ERROR: UndefVarError: y not defined
  Stacktrace:
  [1] macro expansion at ./REPL.jl:97 [inlined]
  [2] (::Base.REPL.##1#2{Base.REPL.REPLBackend})() at ./event.jl:73

The same thing happens when I try it with my own data loaded using "readtable" from DataFrames package

I am running julia 0.6.0 and all packages are freshly installed. My system is arch linux 4.11.7-1 with all the latest packages.

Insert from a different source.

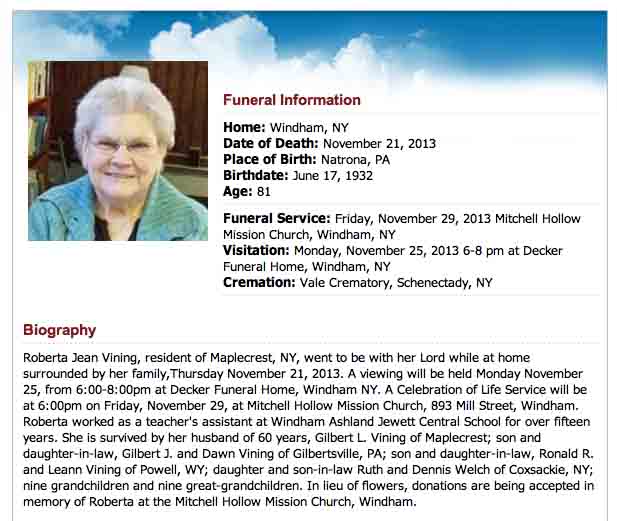 Obituary for Roberta Jean (Daugherty) Vining: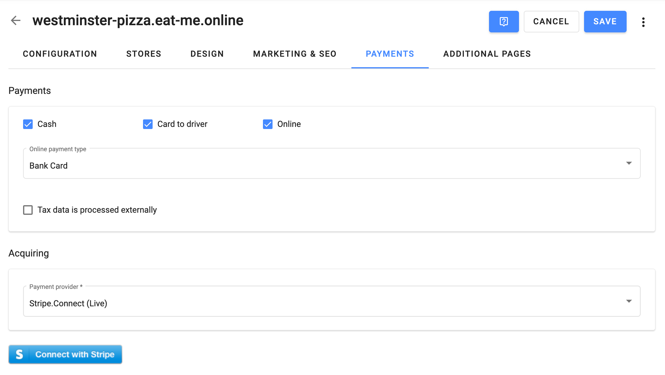 - W polu Płatność wybrane są opcje „Tylko zewnętrzne” lub „Zarówno zewnętrzne, jak i po stronie restauracji”.

Julia installs without a problem, but some packages give warnings (see above).

1
Without me knowing much, nor trying anything... I notice the difference in formula and Dataframe column header capitalization. What happens if you use this instead? m2 = fit!(lmm(Y ~ 1 + Dept*Service + (1|S) + (1|D), inst))rickhg12hs
Same thing --> ERROR: UndefVarError: Y not defined I just installed julia on friend's mac via brew, and it gives the same error.mike

1 Answers

2
votes

have a go with the @formula macro:

julia> fit!(lmm(@formula(Y ~ (1 | Dept)), inst), true)
f_1: 250160.38873 [1.0]
f_2: 250175.99074 [1.75]
f_3: 250123.06531 [0.25]
f_4: 250602.3424 [0.0]
f_5: 250137.66303 [0.4375]
f_6: 250129.76244 [0.325]
f_7: 250125.94066 [0.280268]
f_8: 250121.15016 [0.23125]
f_9: 250119.12389 [0.2125]
f_10: 250114.7257 [0.175]
f_11: 250105.61264 [0.1]
f_12: 250602.3424 [0.0]
f_13: 250107.52714 [0.118027]
f_14: 250106.36924 [0.107778]
f_15: 250105.04638 [0.0925]
f_16: 250104.72722 [0.085]
f_17: 250104.93086 [0.0749222]
f_18: 250104.70046 [0.0831588]
f_19: 250104.70849 [0.0839088]
f_20: 250104.69659 [0.0824088]
f_21: 250104.69632 [0.0822501]
f_22: 250104.69625 [0.0821409]
f_23: 250104.69625 [0.0820659]
f_24: 250104.69624 [0.0821118]
f_25: 250104.69624 [0.0821193]
f_26: 250104.69624 [0.082111]
f_27: 250104.69624 [0.0821118]
f_28: 250104.69624 [0.0821117]
f_29: 250104.69624 [0.0821118]
f_30: 250104.69624 [0.0821118]
Linear mixed model fit by maximum likelihood
 Formula: Y ~ 1 | Dept
     logLik        -2 logLik          AIC             BIC       
 -1.25052348×10⁵  2.50104696×10⁵  2.50110696×10⁵  2.50138308×10⁵

Variance components:
              Column     Variance   Std.Dev.  
 Dept     (Intercept)  0.011897242 0.10907448
 Residual              1.764556375 1.32836605
 Number of obs: 73421; levels of grouping factors: 14

  Fixed-effects parameters:
             Estimate Std.Error z value P(>|z|)
(Intercept)   3.21373  0.029632 108.455  <1e-99

The warnings are the usual "Julia (and the package ecosystem) is still in flux" messages. But I wonder whether the docs always keep pace with the code.